#### [Required work]
All of the entries, apart from their pictures, are to be copied verbatim.

----- Material to process -----

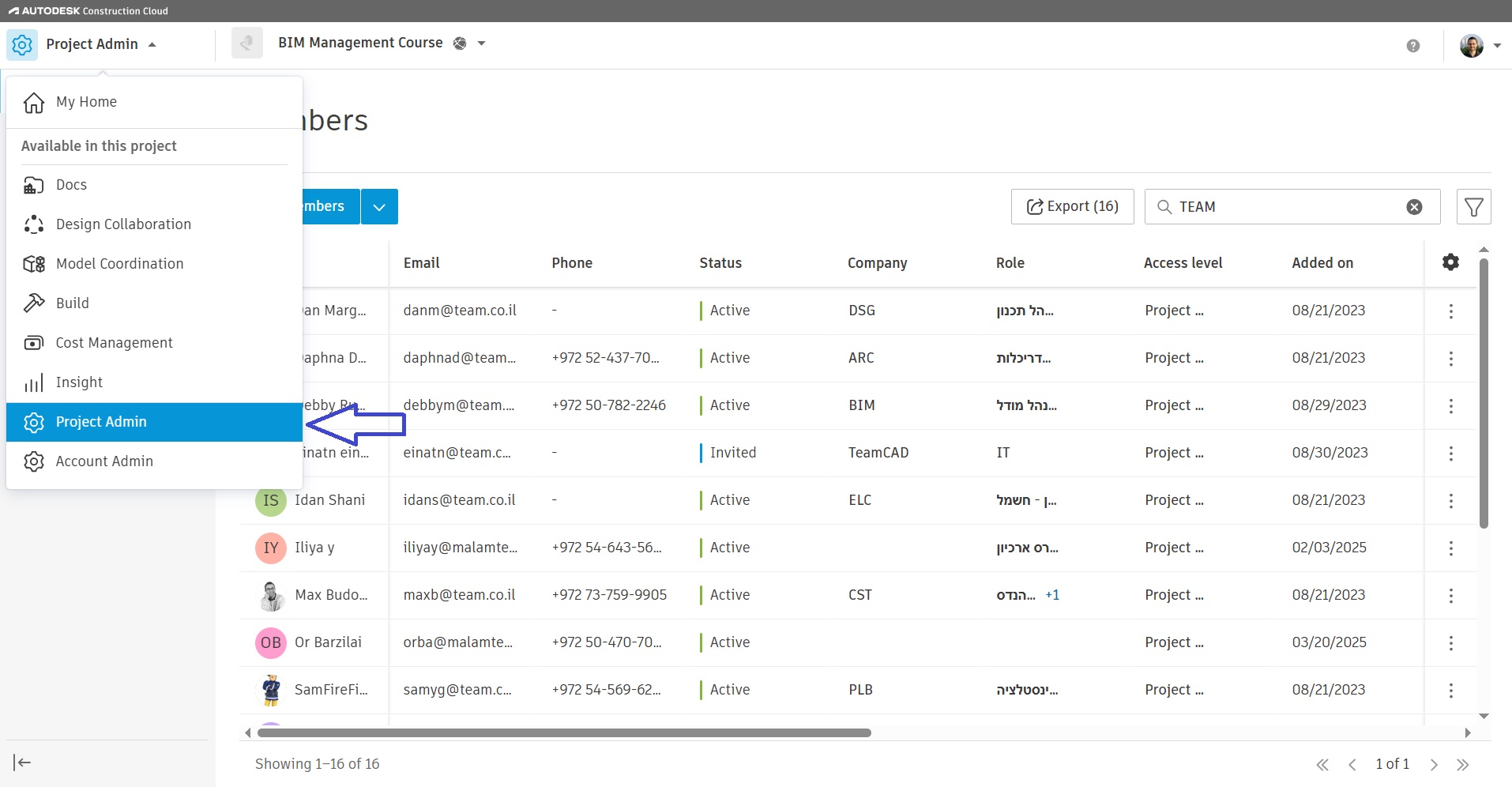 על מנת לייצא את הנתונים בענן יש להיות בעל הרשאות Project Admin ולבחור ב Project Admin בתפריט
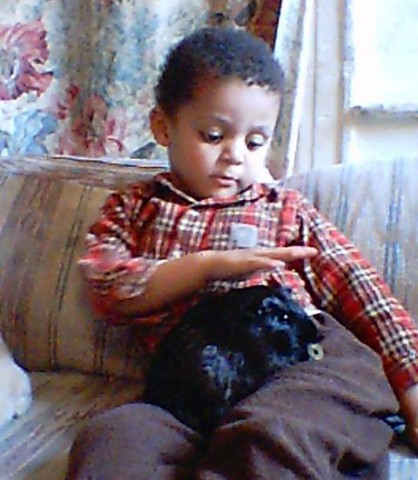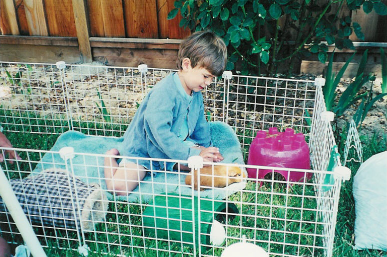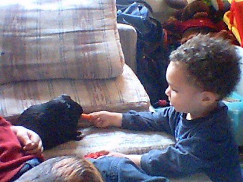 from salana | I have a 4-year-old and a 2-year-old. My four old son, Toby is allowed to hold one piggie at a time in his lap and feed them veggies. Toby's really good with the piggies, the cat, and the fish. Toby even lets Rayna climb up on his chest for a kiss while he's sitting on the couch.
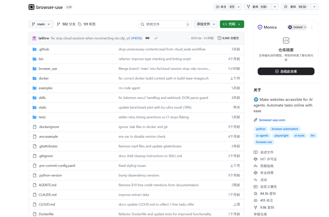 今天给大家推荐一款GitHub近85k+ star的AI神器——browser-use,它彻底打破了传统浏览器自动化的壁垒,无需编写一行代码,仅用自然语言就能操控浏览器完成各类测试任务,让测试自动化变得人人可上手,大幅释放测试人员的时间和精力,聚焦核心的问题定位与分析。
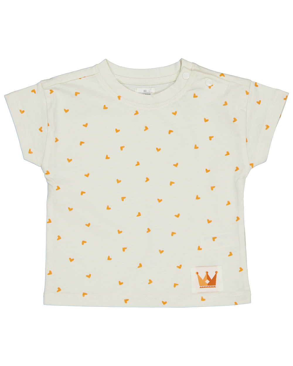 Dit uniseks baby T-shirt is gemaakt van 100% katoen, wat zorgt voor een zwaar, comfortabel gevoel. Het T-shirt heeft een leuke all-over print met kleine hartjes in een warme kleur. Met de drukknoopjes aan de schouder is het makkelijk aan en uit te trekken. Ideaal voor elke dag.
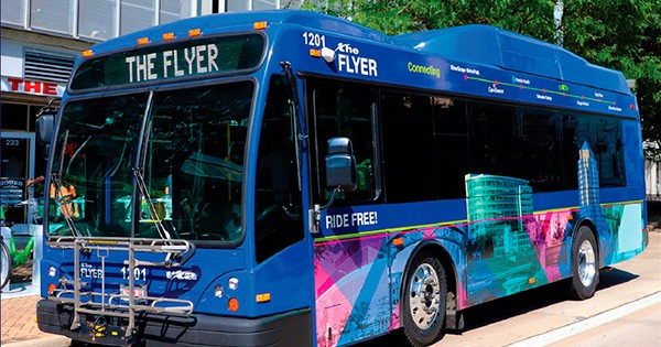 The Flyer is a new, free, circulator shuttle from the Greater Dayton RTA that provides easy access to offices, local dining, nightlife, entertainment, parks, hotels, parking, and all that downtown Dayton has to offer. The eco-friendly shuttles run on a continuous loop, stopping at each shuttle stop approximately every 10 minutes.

-----

#### [Output of the exercise]
 על מנת לייצא את הנתונים בענן יש להיות בעל הרשאות Project Admin ולבחור ב Project Admin בתפריט
 from salana | I have a 4-year-old and a 2-year-old. My four old son, Toby is allowed to hold one piggie at a time in his lap and feed them veggies. Toby's really good with the piggies, the cat, and the fish. Toby even lets Rayna climb up on his chest for a kiss while he's sitting on the couch.
 今天给大家推荐一款GitHub近85k+ star的AI神器——browser-use,它彻底打破了传统浏览器自动化的壁垒,无需编写一行代码,仅用自然语言就能操控浏览器完成各类测试任务,让测试自动化变得人人可上手,大幅释放测试人员的时间和精力,聚焦核心的问题定位与分析。
 Dit uniseks baby T-shirt is gemaakt van 100% katoen, wat zorgt voor een zwaar, comfortabel gevoel. Het T-shirt heeft een leuke all-over print met kleine hartjes in een warme kleur. Met de drukknoopjes aan de schouder is het makkelijk aan en uit te trekken. Ideaal voor elke dag.
 The Flyer is a new, free, circulator shuttle from the Greater Dayton RTA that provides easy access to offices, local dining, nightlife, entertainment, parks, hotels, parking, and all that downtown Dayton has to offer. The eco-friendly shuttles run on a continuous loop, stopping at each shuttle stop approximately every 10 minutes.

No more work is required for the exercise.